───── Dataset ─────

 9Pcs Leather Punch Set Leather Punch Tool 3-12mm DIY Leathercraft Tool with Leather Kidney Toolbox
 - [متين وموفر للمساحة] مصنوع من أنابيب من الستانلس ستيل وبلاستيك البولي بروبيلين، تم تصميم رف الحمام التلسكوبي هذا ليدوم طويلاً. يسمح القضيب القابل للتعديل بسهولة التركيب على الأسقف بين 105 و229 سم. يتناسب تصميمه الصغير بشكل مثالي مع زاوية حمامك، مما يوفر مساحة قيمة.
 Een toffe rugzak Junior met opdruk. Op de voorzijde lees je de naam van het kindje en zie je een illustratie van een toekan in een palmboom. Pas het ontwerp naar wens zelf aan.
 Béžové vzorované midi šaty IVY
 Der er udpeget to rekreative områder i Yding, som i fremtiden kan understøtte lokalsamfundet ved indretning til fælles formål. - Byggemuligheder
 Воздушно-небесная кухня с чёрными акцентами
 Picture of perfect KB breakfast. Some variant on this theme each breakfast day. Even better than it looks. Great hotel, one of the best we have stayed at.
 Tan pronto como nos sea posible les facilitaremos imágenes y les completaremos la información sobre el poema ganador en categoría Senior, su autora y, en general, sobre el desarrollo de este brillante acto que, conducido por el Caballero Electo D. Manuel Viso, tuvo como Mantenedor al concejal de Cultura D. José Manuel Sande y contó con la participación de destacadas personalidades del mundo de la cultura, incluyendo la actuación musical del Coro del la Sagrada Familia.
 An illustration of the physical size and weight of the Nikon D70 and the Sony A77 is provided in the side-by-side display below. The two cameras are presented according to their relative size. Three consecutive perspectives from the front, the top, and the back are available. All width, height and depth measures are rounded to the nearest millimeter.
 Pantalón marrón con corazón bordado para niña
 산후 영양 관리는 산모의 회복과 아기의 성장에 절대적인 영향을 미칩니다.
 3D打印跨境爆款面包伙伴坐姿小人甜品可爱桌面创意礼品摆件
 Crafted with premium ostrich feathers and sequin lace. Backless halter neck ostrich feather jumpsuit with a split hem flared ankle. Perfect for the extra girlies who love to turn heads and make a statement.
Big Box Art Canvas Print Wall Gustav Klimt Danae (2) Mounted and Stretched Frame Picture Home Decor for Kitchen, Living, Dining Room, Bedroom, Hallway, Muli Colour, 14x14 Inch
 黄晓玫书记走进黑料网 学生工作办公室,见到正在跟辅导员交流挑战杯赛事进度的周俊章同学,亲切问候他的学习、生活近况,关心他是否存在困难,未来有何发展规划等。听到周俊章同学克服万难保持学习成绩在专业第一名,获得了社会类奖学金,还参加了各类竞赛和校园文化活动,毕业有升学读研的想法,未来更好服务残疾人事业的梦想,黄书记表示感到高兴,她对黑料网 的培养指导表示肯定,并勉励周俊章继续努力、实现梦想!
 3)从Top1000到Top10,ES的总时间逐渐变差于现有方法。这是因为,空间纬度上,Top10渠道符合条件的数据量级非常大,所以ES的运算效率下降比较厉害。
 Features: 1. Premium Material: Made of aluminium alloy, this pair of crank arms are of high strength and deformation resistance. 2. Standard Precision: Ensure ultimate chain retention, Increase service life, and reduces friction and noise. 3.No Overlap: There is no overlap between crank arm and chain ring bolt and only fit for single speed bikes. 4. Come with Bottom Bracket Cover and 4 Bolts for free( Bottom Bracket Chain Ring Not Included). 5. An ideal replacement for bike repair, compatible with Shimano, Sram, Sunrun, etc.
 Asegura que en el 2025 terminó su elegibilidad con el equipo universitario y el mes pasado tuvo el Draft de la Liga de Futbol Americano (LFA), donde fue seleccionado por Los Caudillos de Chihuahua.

─────

### Work order
Only the lines from the one with "Features: 1. Premium" through the final line above should be repeated, each exactly as written.

### Output
 Features: 1. Premium Material: Made of aluminium alloy, this pair of crank arms are of high strength and deformation resistance. 2. Standard Precision: Ensure ultimate chain retention, Increase service life, and reduces friction and noise. 3.No Overlap: There is no overlap between crank arm and chain ring bolt and only fit for single speed bikes. 4. Come with Bottom Bracket Cover and 4 Bolts for free( Bottom Bracket Chain Ring Not Included). 5. An ideal replacement for bike repair, compatible with Shimano, Sram, Sunrun, etc.
 Asegura que en el 2025 terminó su elegibilidad con el equipo universitario y el mes pasado tuvo el Draft de la Liga de Futbol Americano (LFA), donde fue seleccionado por Los Caudillos de Chihuahua.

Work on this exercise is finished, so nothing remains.